● WHAT IS REQUIRED:
Would you please transcribe, exactly as written, the lines of the entries below starting at the one that holds "Gold Dipped Cz Mini Ribbon Bow Stud Earrings" and ending at the one that holds "Мониторы в вагонах", both included?

● DATA PROVIDED:
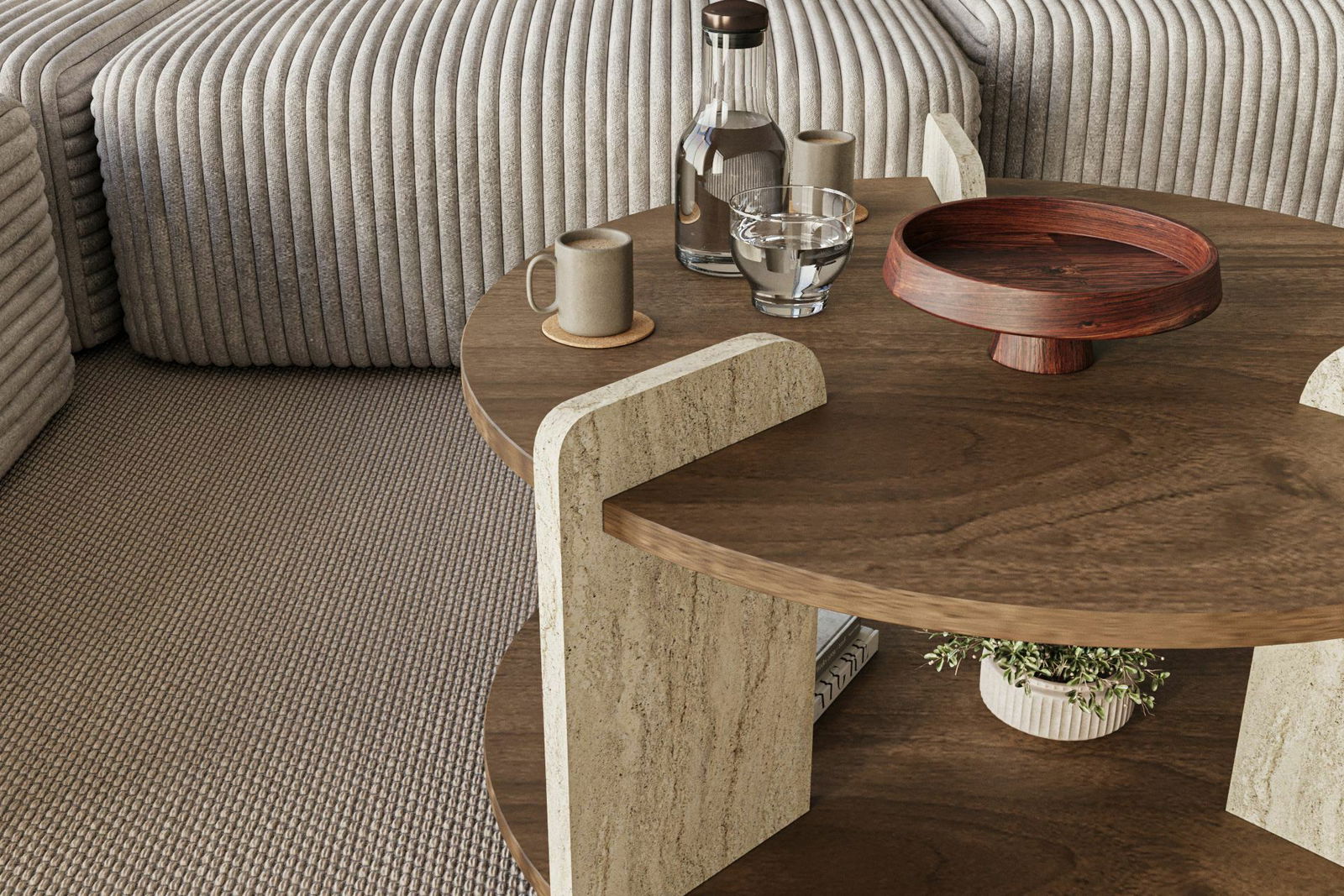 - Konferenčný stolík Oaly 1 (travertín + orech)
--
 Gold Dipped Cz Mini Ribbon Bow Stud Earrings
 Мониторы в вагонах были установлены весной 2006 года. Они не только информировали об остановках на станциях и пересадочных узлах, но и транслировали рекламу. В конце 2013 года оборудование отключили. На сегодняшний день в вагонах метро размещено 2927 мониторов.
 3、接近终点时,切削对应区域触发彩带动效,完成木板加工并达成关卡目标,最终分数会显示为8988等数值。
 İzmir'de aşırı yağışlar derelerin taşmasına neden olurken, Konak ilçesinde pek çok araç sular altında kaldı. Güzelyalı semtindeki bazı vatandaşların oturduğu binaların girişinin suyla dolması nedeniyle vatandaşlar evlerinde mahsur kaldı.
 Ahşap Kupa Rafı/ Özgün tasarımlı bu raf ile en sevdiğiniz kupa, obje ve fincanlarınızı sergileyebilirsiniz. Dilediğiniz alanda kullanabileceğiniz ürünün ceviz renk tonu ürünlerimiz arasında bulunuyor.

● EXERCISE RESPONSE:
 Gold Dipped Cz Mini Ribbon Bow Stud Earrings
 Мониторы в вагонах были установлены весной 2006 года. Они не только информировали об остановках на станциях и пересадочных узлах, но и транслировали рекламу. В конце 2013 года оборудование отключили. На сегодняшний день в вагонах метро размещено 2927 мониторов.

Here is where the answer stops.